* Activity
Retype each record below word for word. Leave the pictures out.
--- START ---
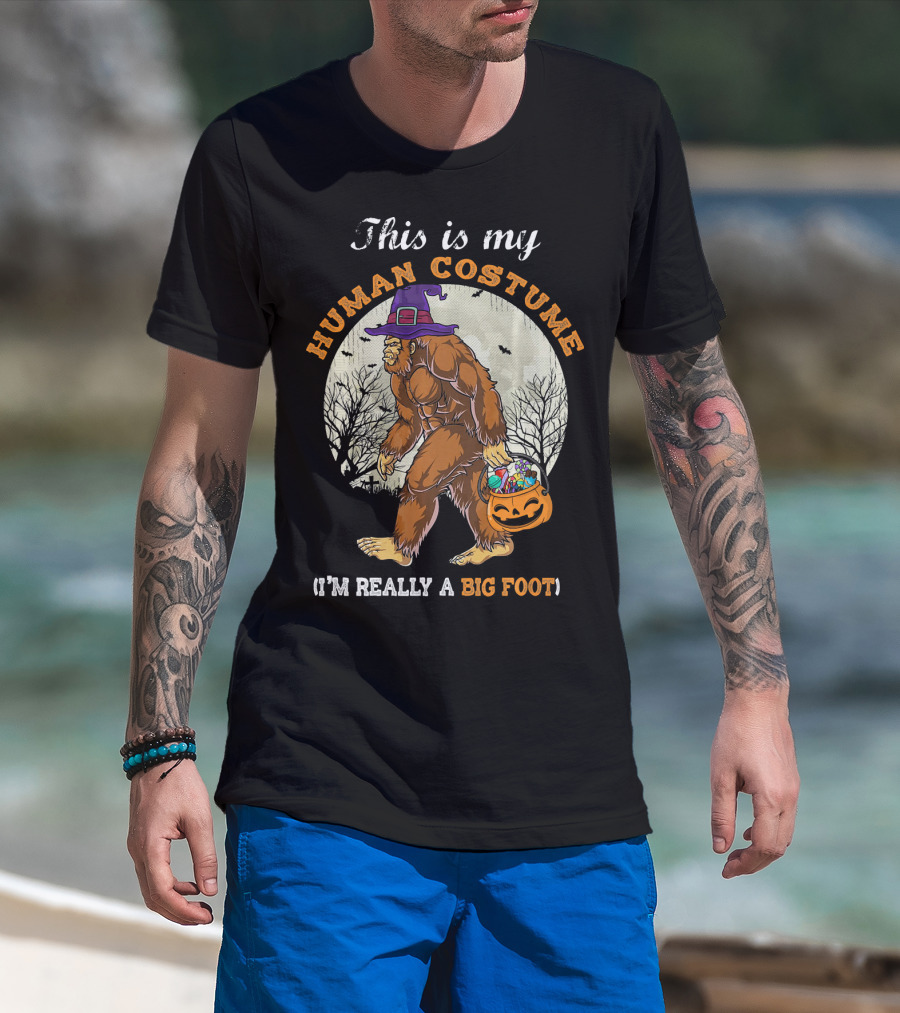 This Is My Human Costume I'm Really A Bigfoot Halloween Sasquatch With Candy Bucket T-Shirt
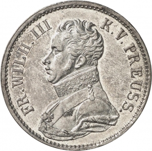 Literatur: F. Freiherr von Schrötter, Das Preussische Münzwesen 1806 bis 1873, Beschreibender Teil (1925) 8 Nr. 175; P. Arnold - H. Küthmann - D. Steinhilber, Grosser deutscher Münzkatalog von 1800 bis heute. 19. Auflage (2003) 268 Nr. 12; J. S. Davenport, European Crowns and Talers since 1800 (1964) Nr. 758; W. Steguweit - B. Kluge, Suum Cuique. Medaillenkunst und Münzprägung in Brandenburg-Preußen (2008) Nr. 218 (dieses Stück).
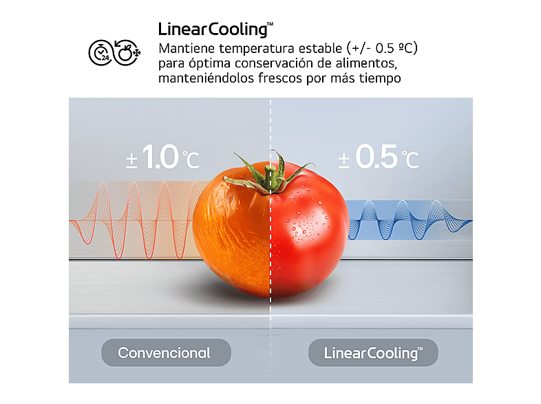 Mantiene temperatura estable (+/- 0.5 ºC) para óptima conservación de alimentos, manteniéndolos frescos por más tiempo.
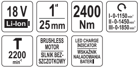 Аккумуляторный бесщеточный ударный гайковерт 18V, 1'', 2400Nm, 6,0Аh YATO (YT-828079)
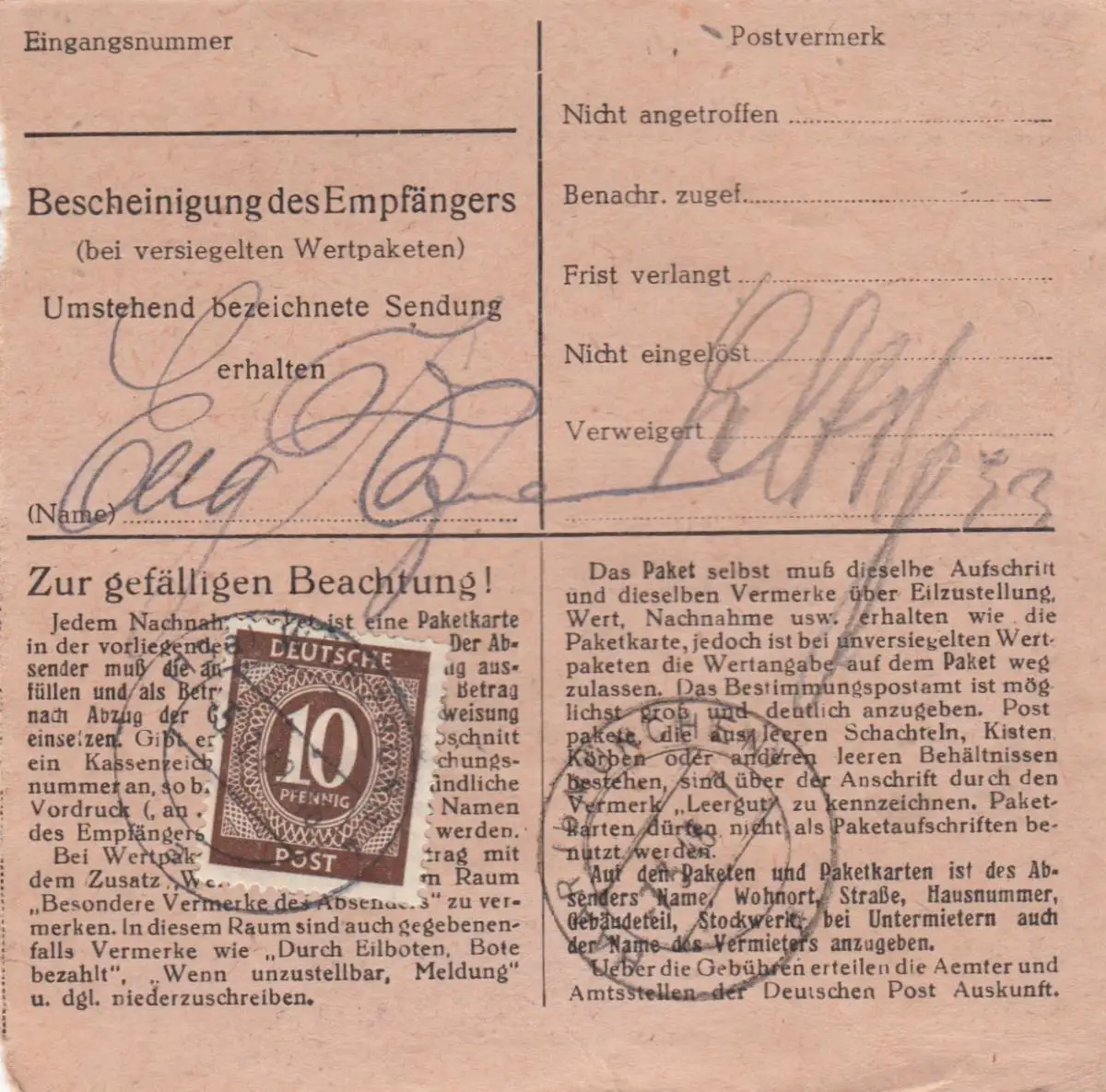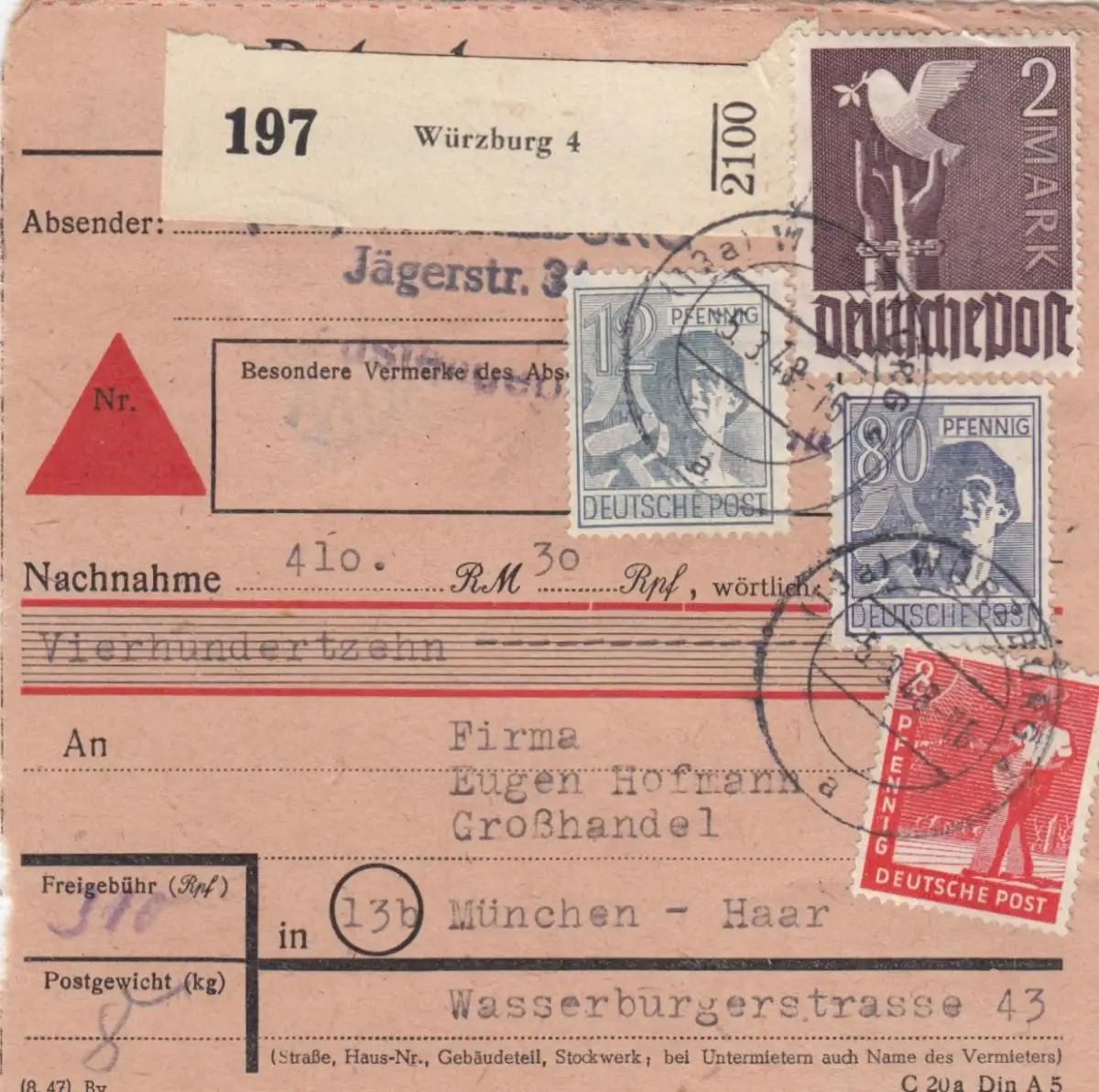 Carte de paquet 1948: Würzburg 4 par cheveux, gros, réduction
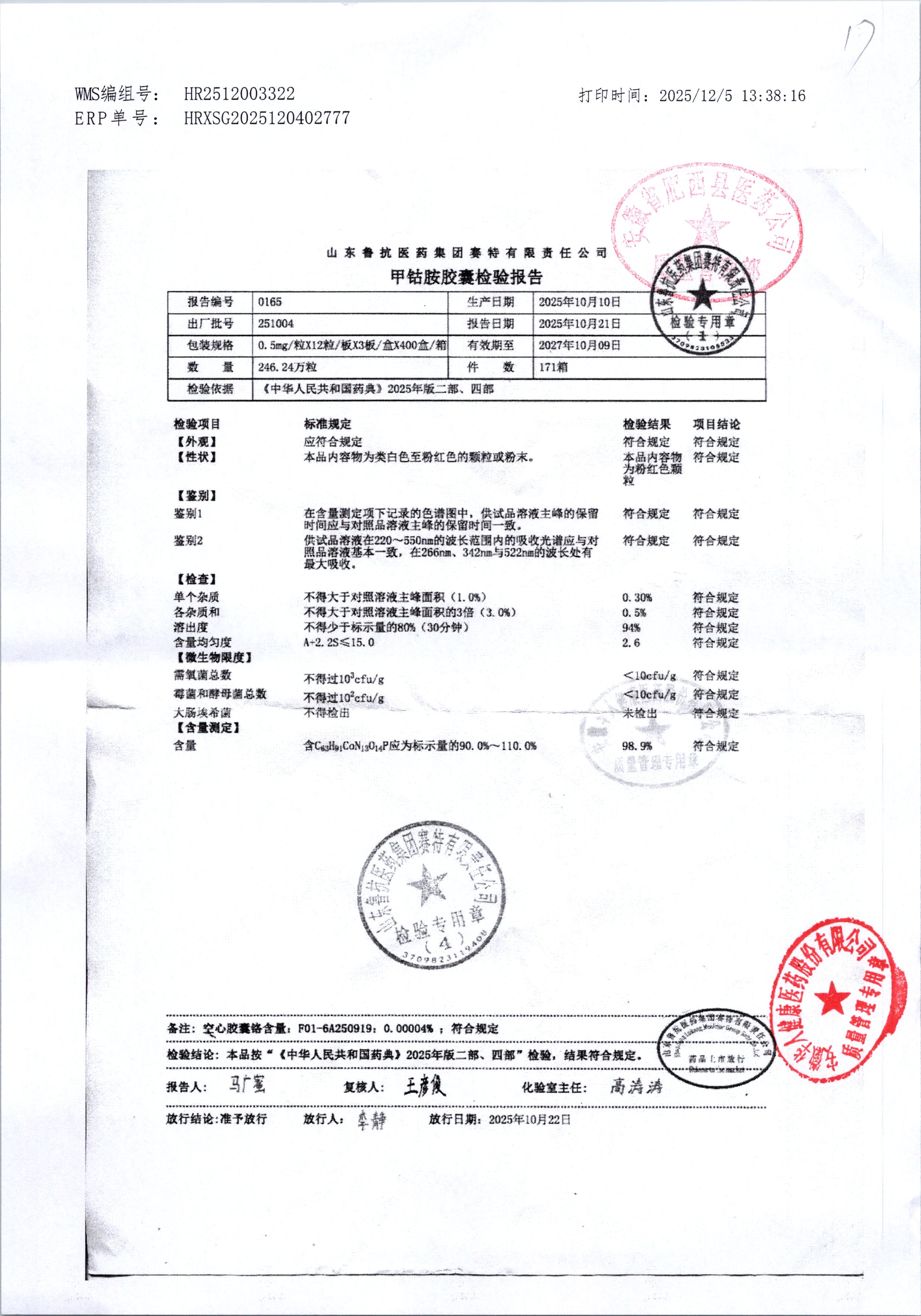| 甲钴胺胶囊 | 0.5mg*36粒 | 201007 | 查看详情 |
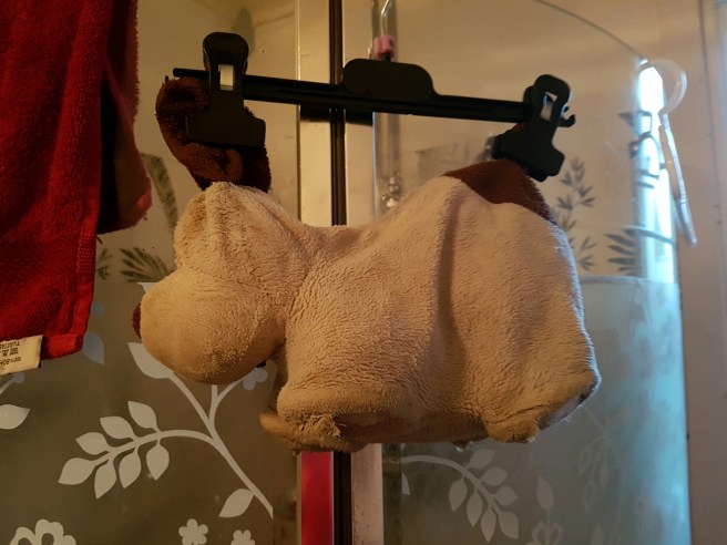 Nu hänger han där, blöt och enögd. Doftandes såpa. Imorgon får han kramas med Lukas igen och förhoppningsvis kommer Hundis över denna chocken, han har ärren som minne.
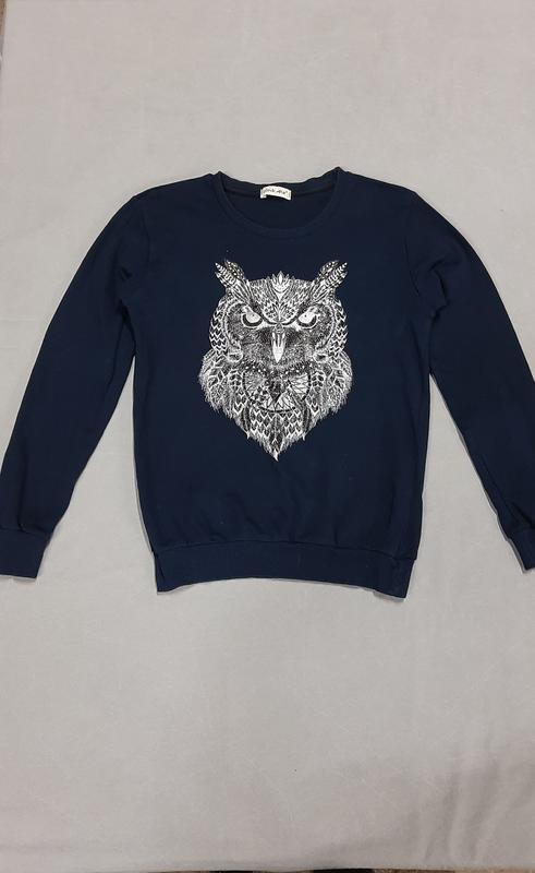 Кофта светр із принтом сова. Колір темно-синій. Розмір 42-44. Довжина 56 см, напівобхват грудей 44 см, довжина рукава 55 см.
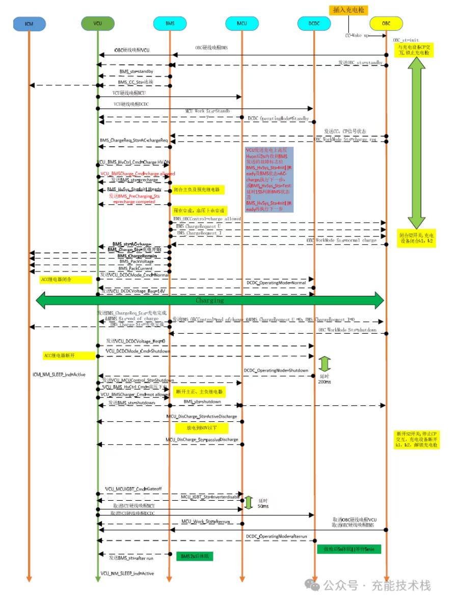 1) OBC 負(fù)責(zé)檢測(cè)判斷CC、CP 信號(hào)及喚醒BMS 及VCU、并周期發(fā)送,VCU 判斷整車(chē)是否允許充電、BMS 判斷電池包是否允許充電、ICM 顯示充電狀態(tài)信息,充電指示燈點(diǎn)亮等;
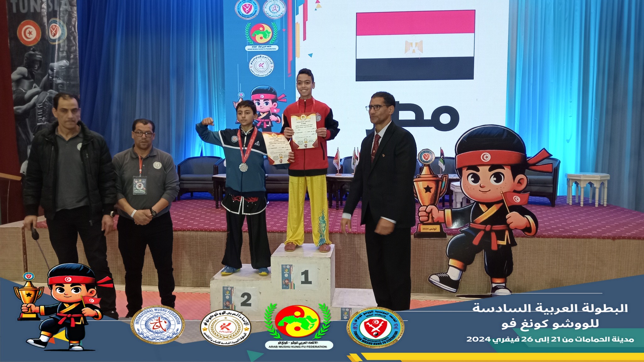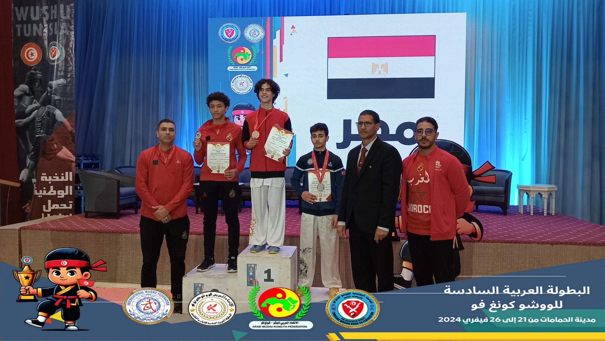 非洲武术联合会主席谢里夫·穆斯塔法先生、副主席穆罕默德·阿德尔·扎赫拉(Mohamed Adel Zahra)先生、突尼斯武术协会主席里亚德-贝尔哈吉(Riadh Belhadj)先生以及来自阿拉伯武术联合会和各参赛国的多位嘉宾出席了锦标赛。
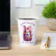 Introducing our colourful pastel Easter Bunny Rabbit design. Embrace the joy of the season with a playful bunny with a lavender tinge to his fur, surrounded by a burst of colours-lush purples, pinks, and hints of orange watercolor flowers. This is the perfect design for adding a festive and whimsical touch to your Easter. All text is editable. Customise from the product page or use the design tool to change font styles or colours. This Easter paper cup features a cute bunny and Happy Easter with your name. Edit, leave as is or remove entirely. Great for hosting Easter brunch!
--- END ---
* Response for this exercise
 This Is My Human Costume I'm Really A Bigfoot Halloween Sasquatch With Candy Bucket T-Shirt
 Literatur: F. Freiherr von Schrötter, Das Preussische Münzwesen 1806 bis 1873, Beschreibender Teil (1925) 8 Nr. 175; P. Arnold - H. Küthmann - D. Steinhilber, Grosser deutscher Münzkatalog von 1800 bis heute. 19. Auflage (2003) 268 Nr. 12; J. S. Davenport, European Crowns and Talers since 1800 (1964) Nr. 758; W. Steguweit - B. Kluge, Suum Cuique. Medaillenkunst und Münzprägung in Brandenburg-Preußen (2008) Nr. 218 (dieses Stück).
 Mantiene temperatura estable (+/- 0.5 ºC) para óptima conservación de alimentos, manteniéndolos frescos por más tiempo.
 Аккумуляторный бесщеточный ударный гайковерт 18V, 1'', 2400Nm, 6,0Аh YATO (YT-828079)
 Carte de paquet 1948: Würzburg 4 par cheveux, gros, réduction
| 甲钴胺胶囊 | 0.5mg*36粒 | 201007 | 查看详情 |
 Nu hänger han där, blöt och enögd. Doftandes såpa. Imorgon får han kramas med Lukas igen och förhoppningsvis kommer Hundis över denna chocken, han har ärren som minne.
 Кофта светр із принтом сова. Колір темно-синій. Розмір 42-44. Довжина 56 см, напівобхват грудей 44 см, довжина рукава 55 см.
 1) OBC 負(fù)責(zé)檢測(cè)判斷CC、CP 信號(hào)及喚醒BMS 及VCU、并周期發(fā)送,VCU 判斷整車(chē)是否允許充電、BMS 判斷電池包是否允許充電、ICM 顯示充電狀態(tài)信息,充電指示燈點(diǎn)亮等;
 非洲武术联合会主席谢里夫·穆斯塔法先生、副主席穆罕默德·阿德尔·扎赫拉(Mohamed Adel Zahra)先生、突尼斯武术协会主席里亚德-贝尔哈吉(Riadh Belhadj)先生以及来自阿拉伯武术联合会和各参赛国的多位嘉宾出席了锦标赛。
 Introducing our colourful pastel Easter Bunny Rabbit design. Embrace the joy of the season with a playful bunny with a lavender tinge to his fur, surrounded by a burst of colours-lush purples, pinks, and hints of orange watercolor flowers. This is the perfect design for adding a festive and whimsical touch to your Easter. All text is editable. Customise from the product page or use the design tool to change font styles or colours. This Easter paper cup features a cute bunny and Happy Easter with your name. Edit, leave as is or remove entirely. Great for hosting Easter brunch!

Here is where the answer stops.